Obtaining IP and port number of local services with iOS 14.5

Hello,

We provide a cross-platform network communication library to our customers, implementing secure application level tunnelling (and more) for use primarily in IoT scenarios. The library is implemented in C++. For discovering local devices, we have used a custom mDNS implementation based on raw BSD sockets - with the iOS 14.5 restrictions this is apparently no longer possible and we are looking for alternative options.

However, we cannot find a non-deprecated way to obtain the local UDP IP address and port number of discovered services. The NSNetService API is deprecated and the NWBrowser API only gives you the service names for use with NWConnection (the latter is not applicable due to the cross-platform implementation of our proprietary protocol).

Are there any (clean) way to obtain a local service's IP address and port number for use with lower level implementations like ours? Or do we have to resort to a hack where we stuff the normal A and AAAA record contents + port number into TXT records that apparently are ok to retrieve with NWBrowser?

Thanks for clarifying!

Ulrik, Nabto

For discovering local devices, we have used a custom mDNS implementation based on raw BSD sockets - with the iOS 14.5 restrictions this is apparently no longer possible

That’s not true.
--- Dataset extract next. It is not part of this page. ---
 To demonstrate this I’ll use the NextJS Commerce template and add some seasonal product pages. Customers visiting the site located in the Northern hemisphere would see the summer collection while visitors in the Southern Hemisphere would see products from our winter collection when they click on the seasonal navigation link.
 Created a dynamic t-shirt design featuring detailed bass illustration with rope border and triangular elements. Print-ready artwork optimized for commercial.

The only change in this space in iOS 14.5 is that we now enforce local network privacy for BSD Sockets clients. If you follow the local network privacy rules (see the Local Network Privacy FAQ) your existing code should continue to work just fine.

Having said that, we strongly discourage folks from using their own DNS resolver (mDNS, but also uDNS) on our platforms. The built-in resolver does stuff that’s simply not possible to replicate in third-party code.
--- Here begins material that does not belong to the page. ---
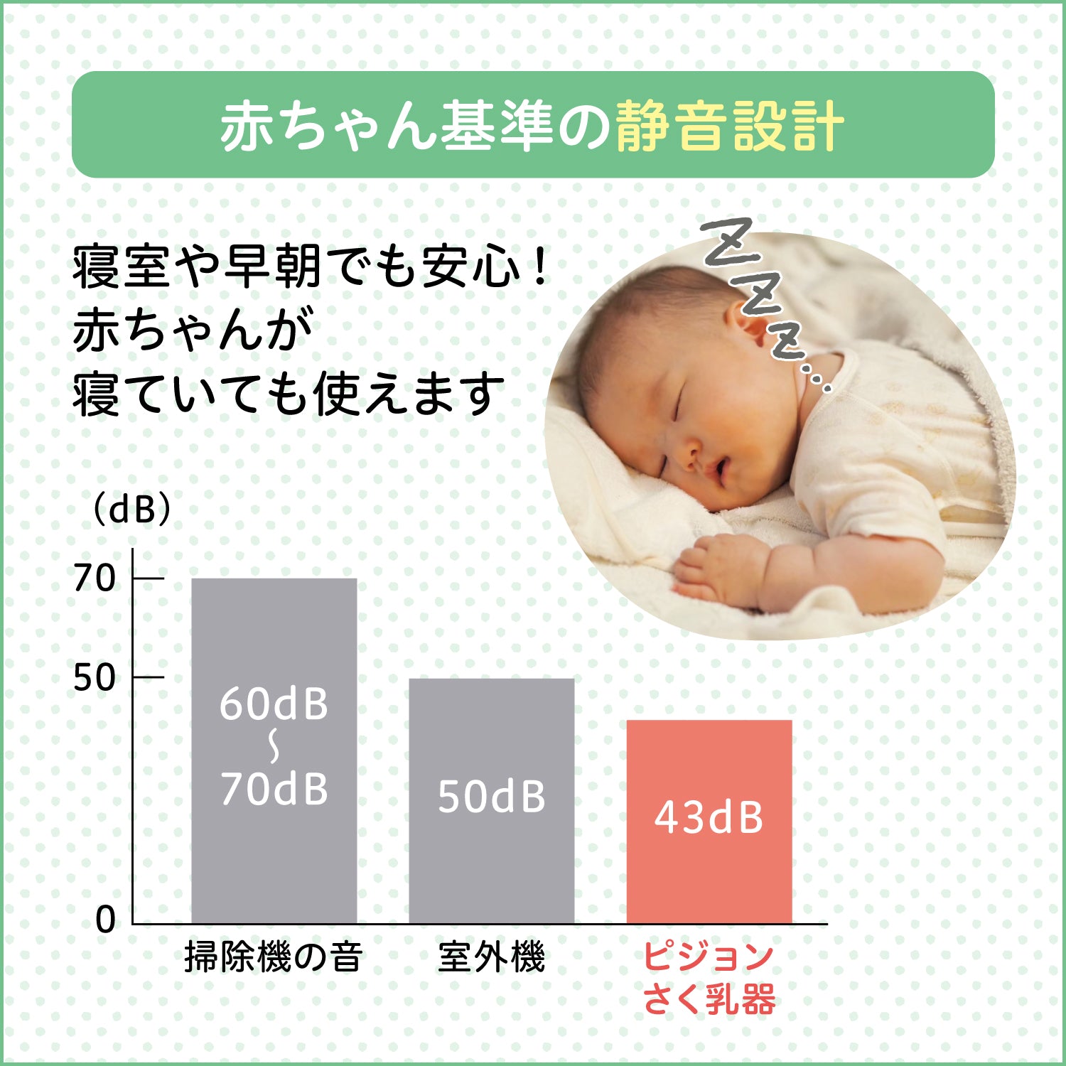 自然な母乳分泌を促すために、赤ちゃんの吸い始めのようなやさしく細かい吸引で刺激します。

However, we cannot find a non-deprecated way to obtain the local UDP IP address and port number of discovered services.

Before I go further I want to be clear that you should not be resolving to an IP address, because there’s no guarantee that DNS resolution will yield a single IP address. We recommend, instead, that you resolve to a DNS name and port, and then pass the DNS name to a system API that implements connect by name (like NWConnection).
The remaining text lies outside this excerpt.